In mathematics, the Atiyah conjecture is a collective term for a number of statements about restrictions on possible values of $l^2$-Betti numbers.

==History==
In 1976, Michael Atiyah introduced $l^2$-cohomology of manifolds with a free co-compact action of a discrete countable group (e.g. the universal cover of a compact manifold together with the action of the fundamental group by deck transformations.) Atiyah defined also $l^2$-Betti numbers as von Neumann dimensions of the resulting $l^2$-cohomology groups, and computed several examples, which all turned out to be rational numbers. He therefore asked if it is possible for $l^2$-Betti numbers to be irrational.

Since then, various researchers asked more refined questions about possible values of $l^2$-Betti numbers, all of which are customarily referred to as "Atiyah conjecture".

==Results==
Many positive results were proven by Peter Linnell. For example, if the group acting is a free group, then the $l^2$-Betti numbers are integers.
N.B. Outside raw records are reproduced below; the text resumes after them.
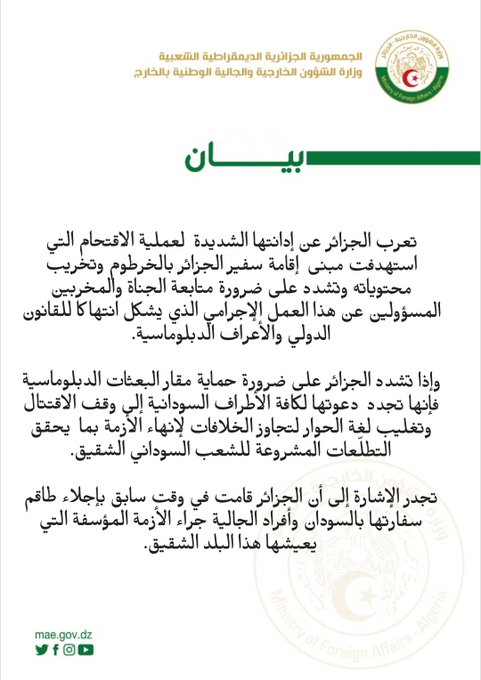 L'Algérie condamne la prise d'assaut de la résidence de l'ambassadeur d'Algérie à Khartoum.
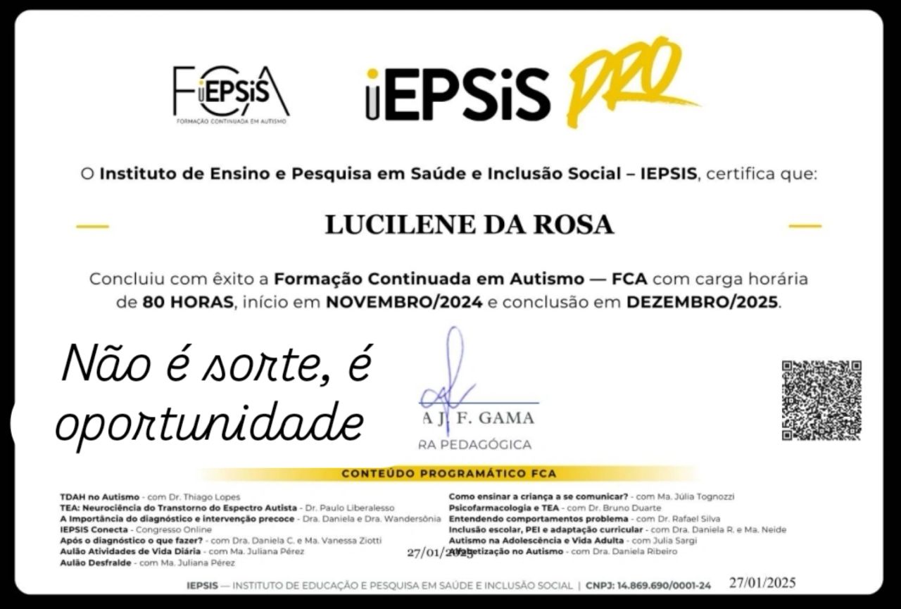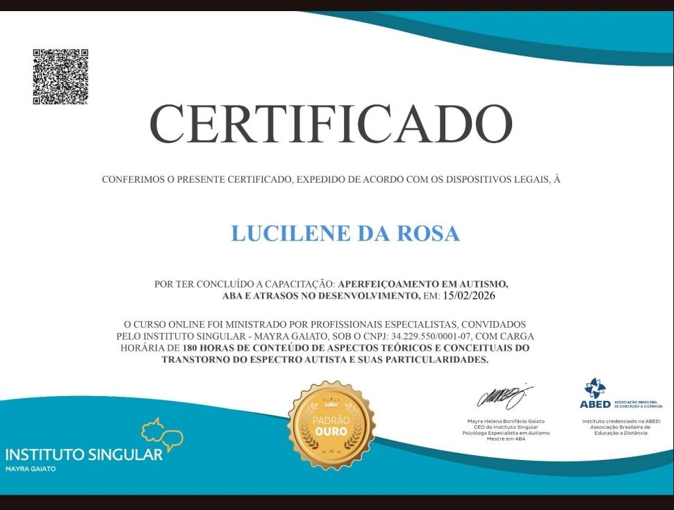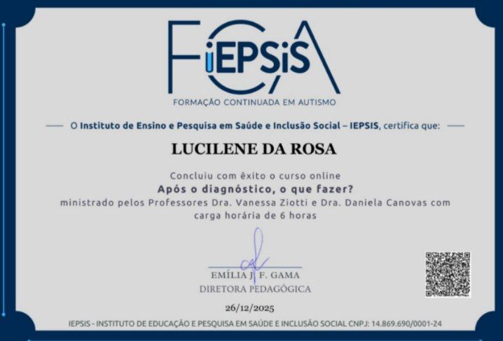 Sou grata pela oportunidade de ser terapeuta de seu filho Lorraine, essa criança linda, cheia de ideias e de preferências, temos desafios pela frente, obrigada por aceitar as orientações terapêuticas e colocá-las em prática, na medida do possível !! Conte comigo
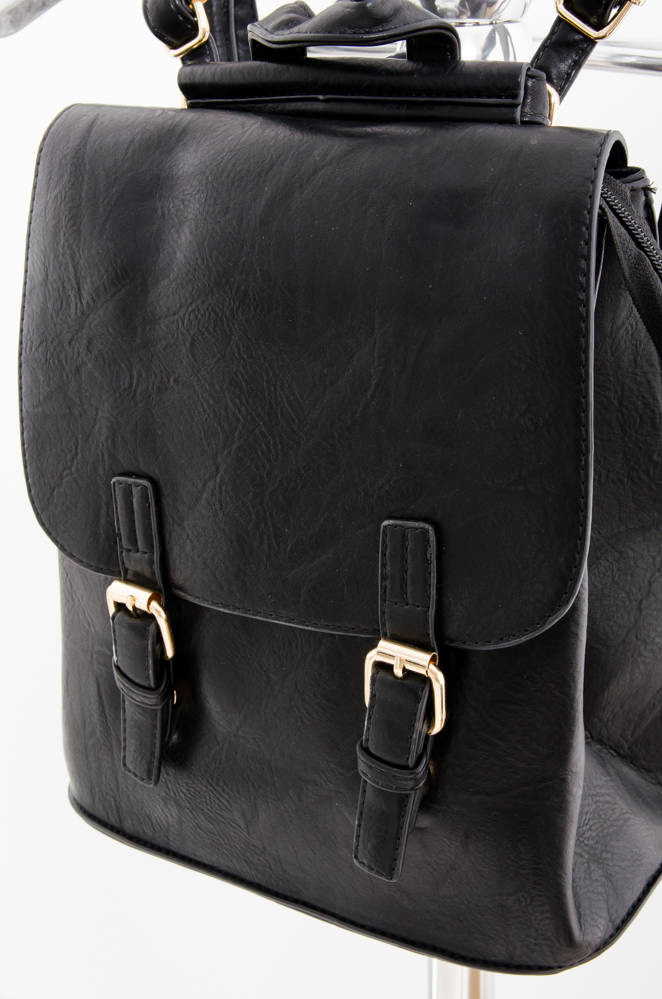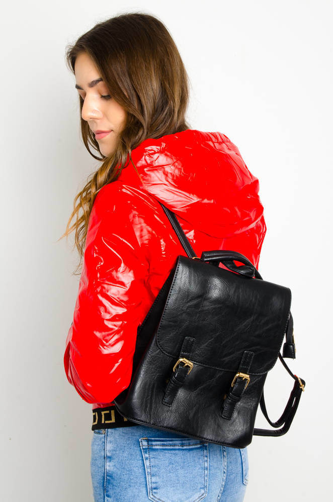 CZARNY PLECAK Z IMITACJI SKÓRY Z OZDOBNYM ZAPIĘCIEM

The most general question open as of late 2011 is whether $l^2$-Betti numbers are rational if there is a bound on the orders of finite subgroups of the group which acts. In fact, a precise relationship between possible denominators and the orders in question is conjectured; in the case of torsion-free groups, this statement generalizes the zero-divisors conjecture. For a discussion see
the article of B. Eckmann.

In the case there is no such bound, Tim Austin showed in 2009 that $l^2$-Betti numbers can assume transcendental values. Later it was shown that in that case they can be any non-negative real numbers.